Mascot workflows in Proteome Discoverer
For many users of Thermo instruments, Proteome Discoverer (PD) is their primary user interface for database searching, and Mascot is represented by a node in the workflow. This article collects together a few tips and observations concerning Proteome Discoverer 2.3 and Mascot Server 2.6.
Proteome Discoverer Configuration
Under Administration; Mascot Server, the setting Max. MGF File Size [MB] has a default value of 500. Some people increase this, thinking it is an upper limit on the size of the data set. In fact, PD splits larger peak lists into separate searches and transparently merges the results back into a single set of results. In most cases, this is a good approach, and avoids the possibility of running out of memory on systems with limited RAM. For typical Q-Exactive data, a 500 MB MGF corresponds to 150,000 spectra.
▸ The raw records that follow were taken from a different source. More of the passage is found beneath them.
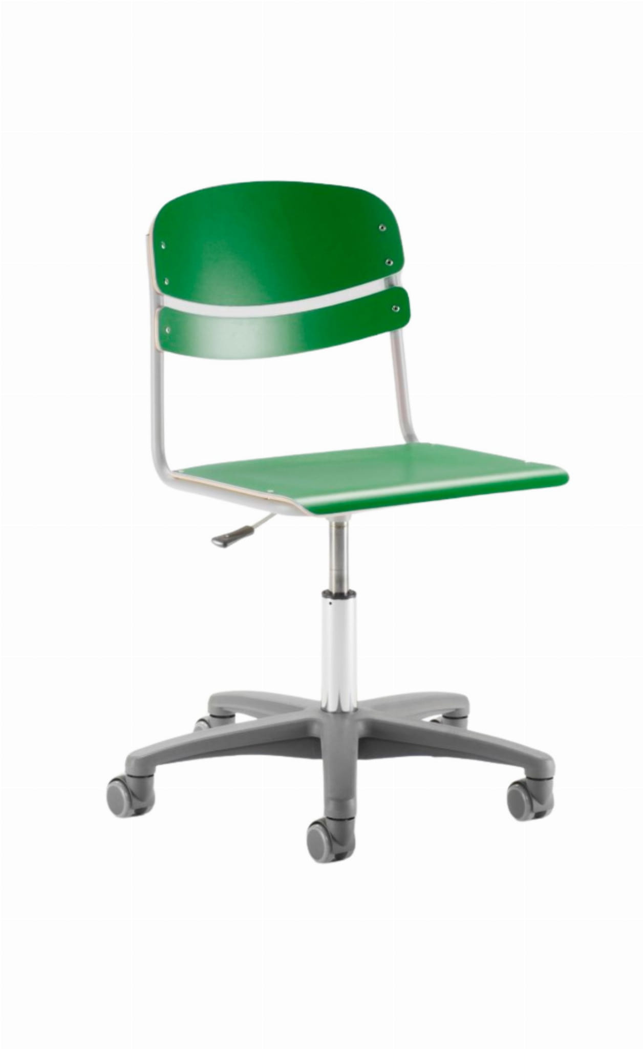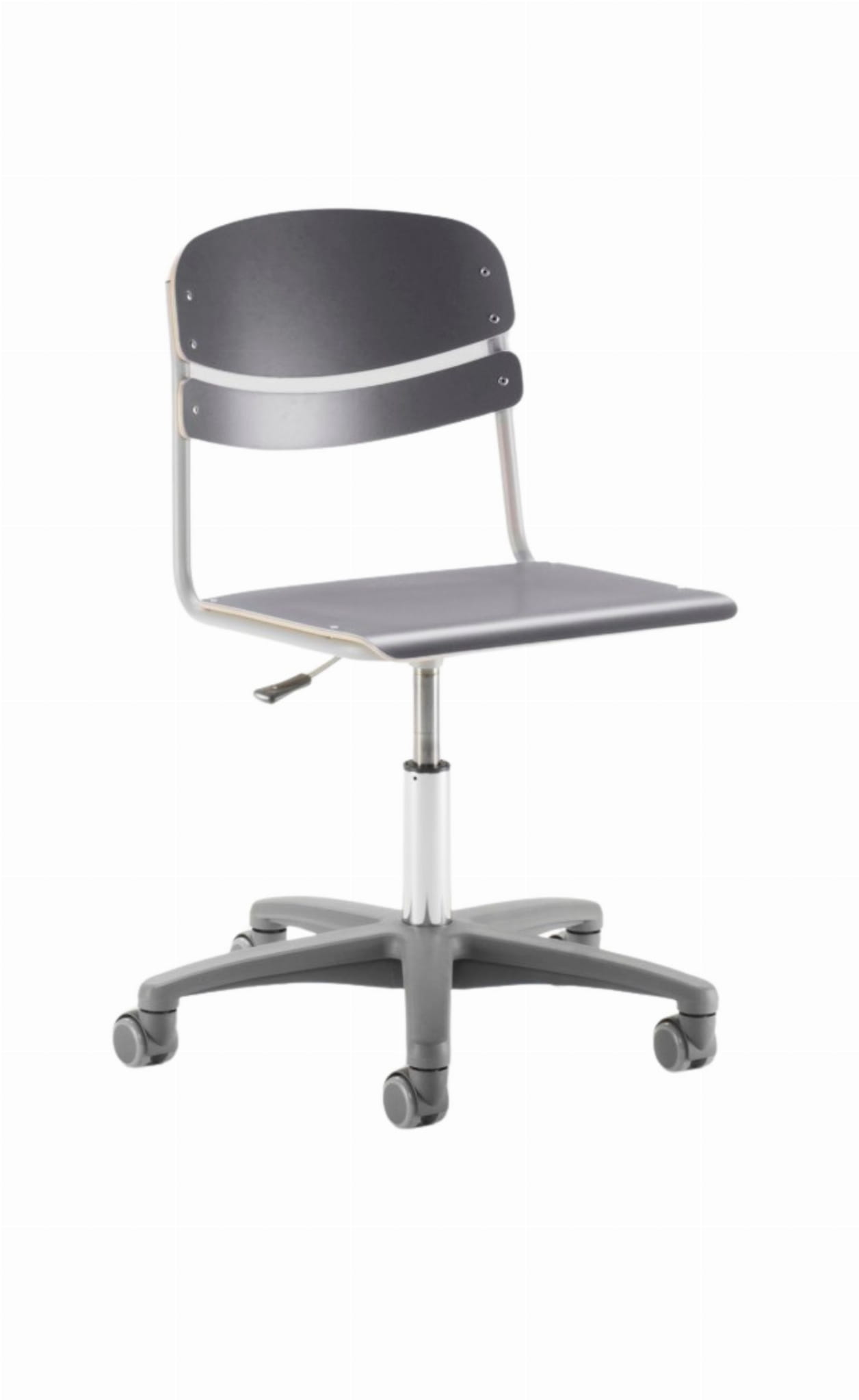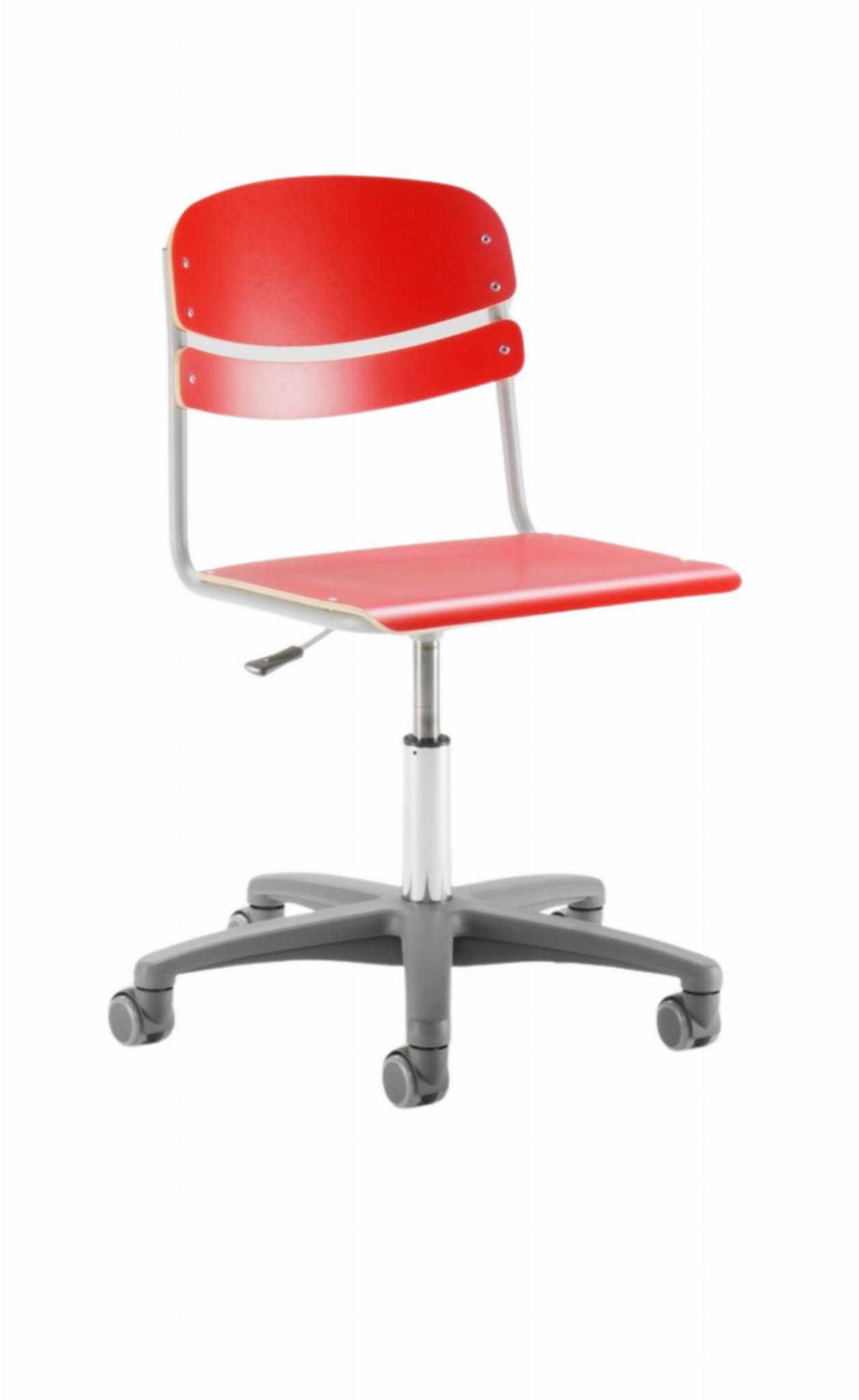 Sprężyna gazowa umożliwia bezstopniową regulację wysokości, umożliwiając ergonomiczne pozycje siedzenia dla użytkowników. Niską wersję krzesła Mac można uzyskać z kółkami lub obrotowymi podstawkami.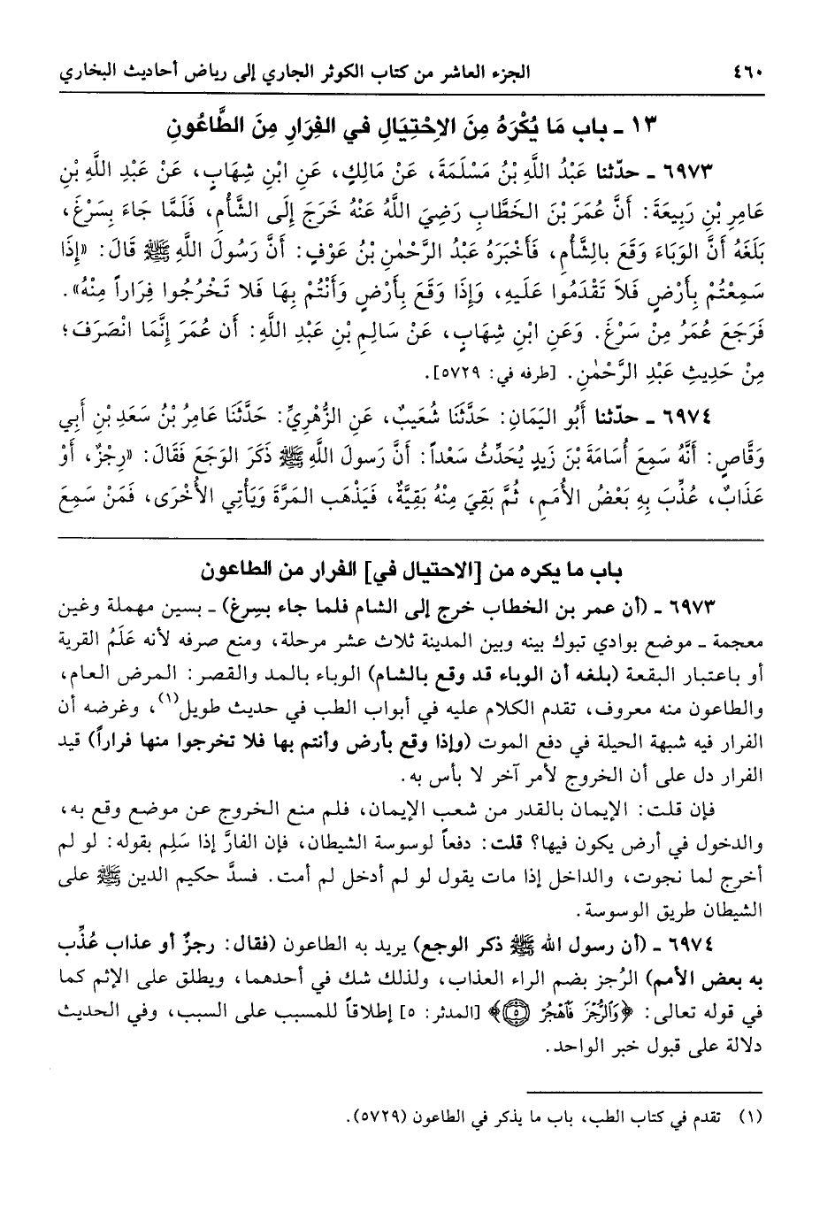 6973 - (أن عمر بن الخطاب خرج إلى الشام فلما جاء بسِرغ) -بسين مهملة وغين معجمة- موضع بوادي تبوك بينه وبين المدينة ثلاث عشر مرحلة، ومنع صرفه لأنه عَلَمُ القرية أو باعتبار البقعة (بلغه أن الوباء قد وقع بالشام) الوباء بالمد والقصر: المرض العام، والطاعون منه معروف، تقدم الكلام عليه في أبواب الطب في حديث طويل، وغرضه أن الفرار فيه شبهة الحيلة في دفع الموت (وإذا وقع بأرض وأنتم بها فلا تخرجوا منها فرارًا) قيد الفرار دل على أن الخروج لأمر آخر لا بأس به.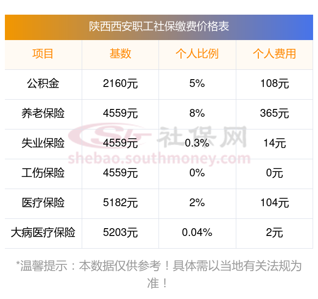 五险一金扣多少?陕西西安五险一金扣多少钱?下表是2024-2025年陕西西安社保费用明细参考,新社通app-社保缴费查询工具提供的最新数据如下: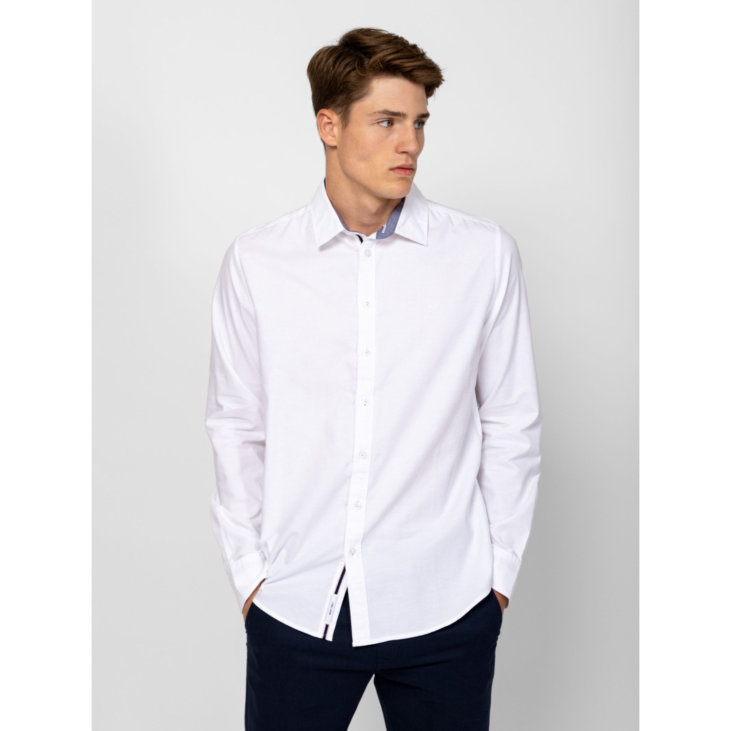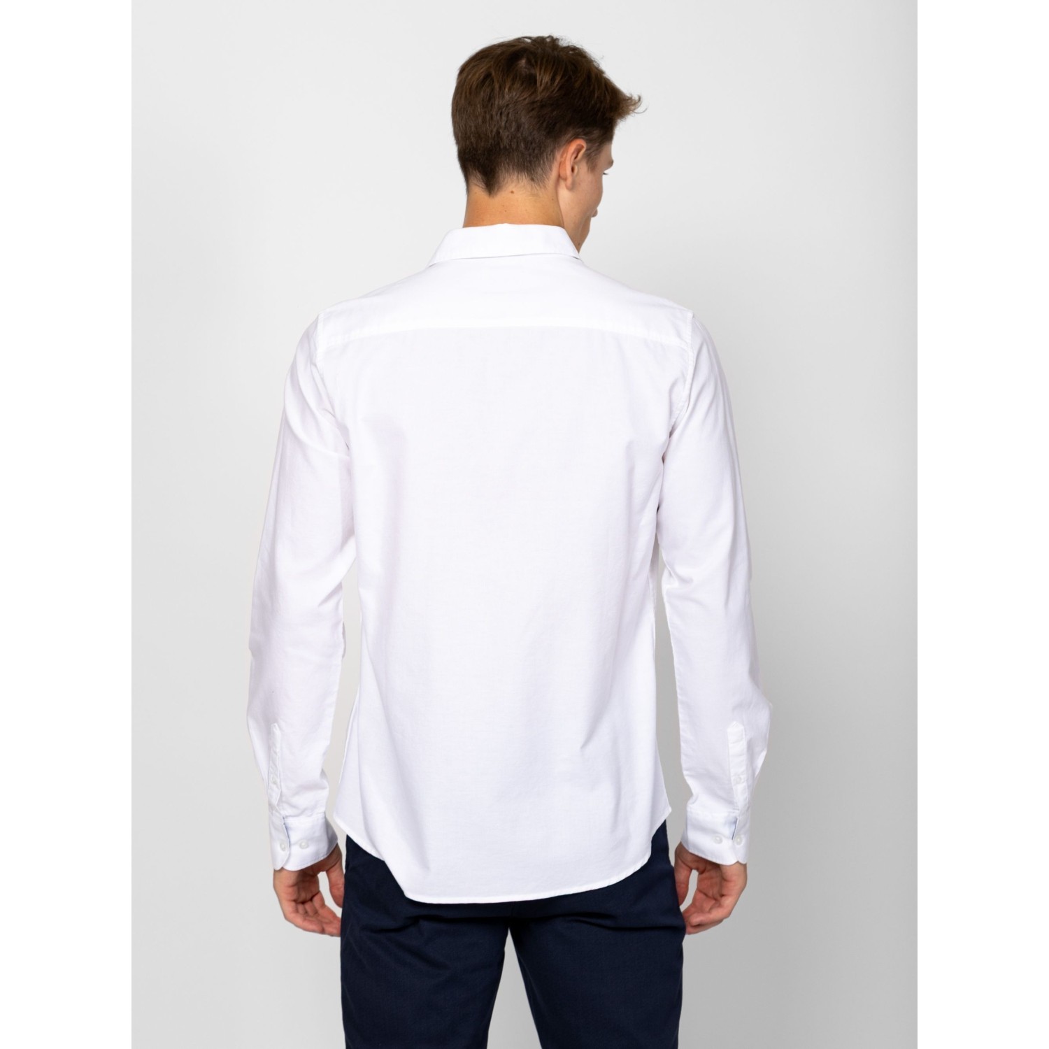 Férfi hosszú ujjú ing, comfort fit szabással, szépen kidolgozott gallér és mandzsetta megoldással, elején kis hímzett márkajelzéssel. A tiszta pamut anyag kellemes érzetet biztosít akár egész napos viselet során is. Anyaga: 100% pamut, oxford anyag. A modell 188 cm magas és L-es méretet visel.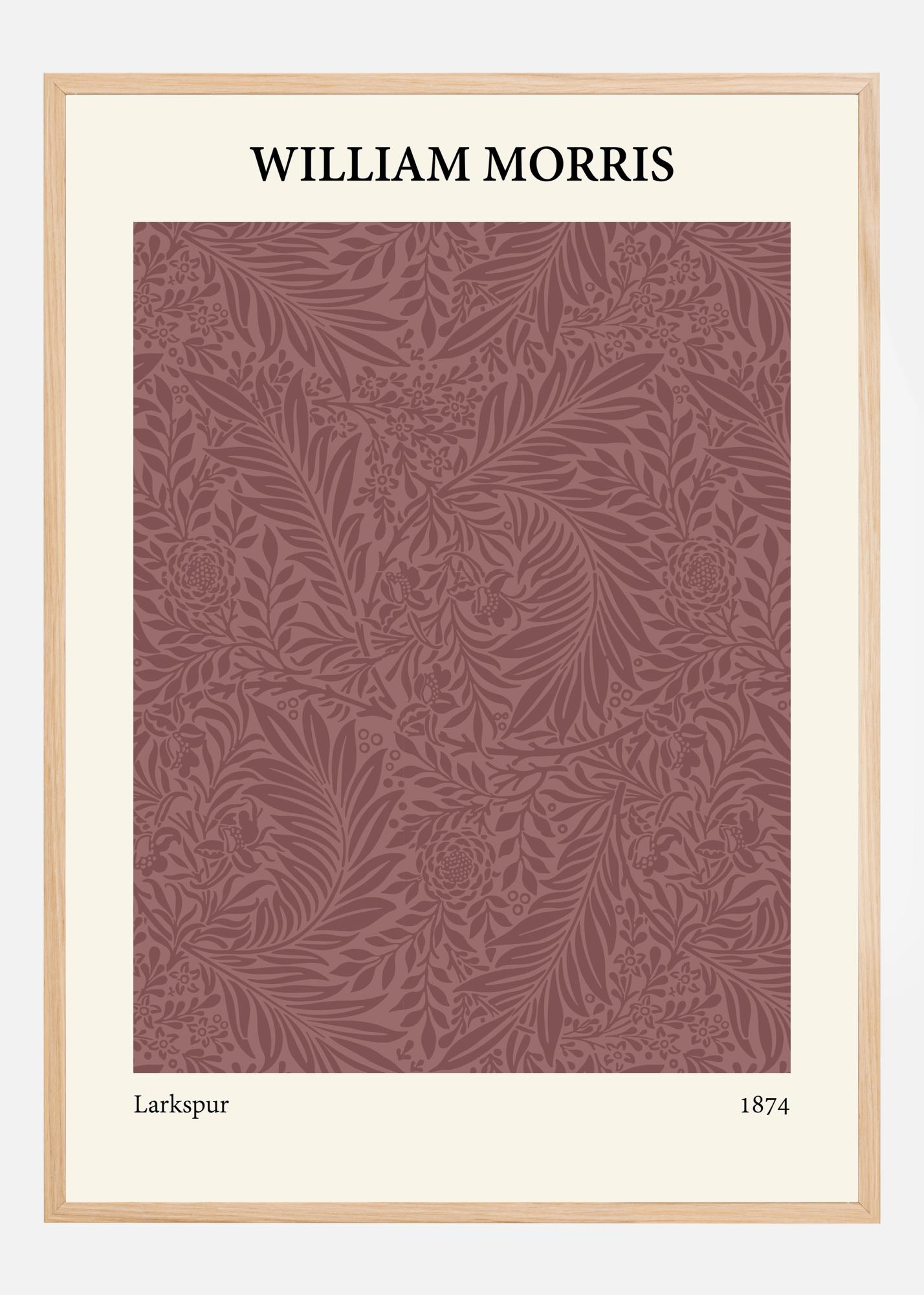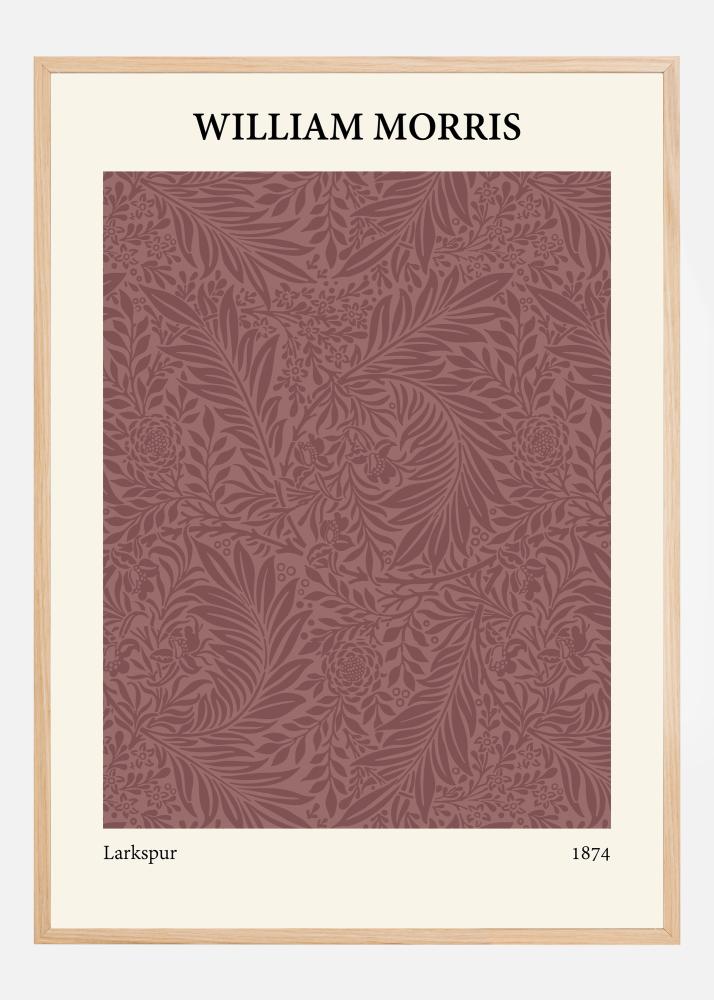 Šis plakatas yra Viljamo Moriso nesenstančio kūrinio "Larkspur" iš 1874 metų reprodukcija ir jis rodo hipnotizuojantį gėlių raštų išdėstymą šiltais ir kviečių atspalviais. Dizainas, žinomas dėl savo detalumo ir organinės estetikos, yra klasikinė Moriso meilės gamtai ir jo meninių įgūdžių Arts and Crafts judėjime reprezentacija. Puikiai tinkantis tiems, kurie vertina meno istorinius spausdinius ir nori savo namams suteikti victorinės žavesio.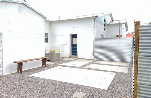 In the heart of Marfa and within walking distance to the St. George Hotel , The Chianti Foundation, Main Street with several restaurants, cool shops and bars. This room features a queen size bed. It is a nice size room with its own entrance. Can be rented with space next door to sleep up to 4 people and would include the kitchen in the other unit..The back patio is shared among guests and can be accessed through the back of the building.

If the search results are only browsed and reported within PD, there is no down-side to this splitting. If you intend to view the search results using Mascot reports, and maybe perform repeat searches, there is the minor inconvenience of having to create a result collection, to combine the results, as described in our May 2017 newsletter. If you want to avoid splitting searches and have plenty of RAM, you could increase this setting, but don’t forget that Microsoft’s IIS web server has a hard limit of 4 GB on the size of an upload, and your server may well be configured with a lower limit.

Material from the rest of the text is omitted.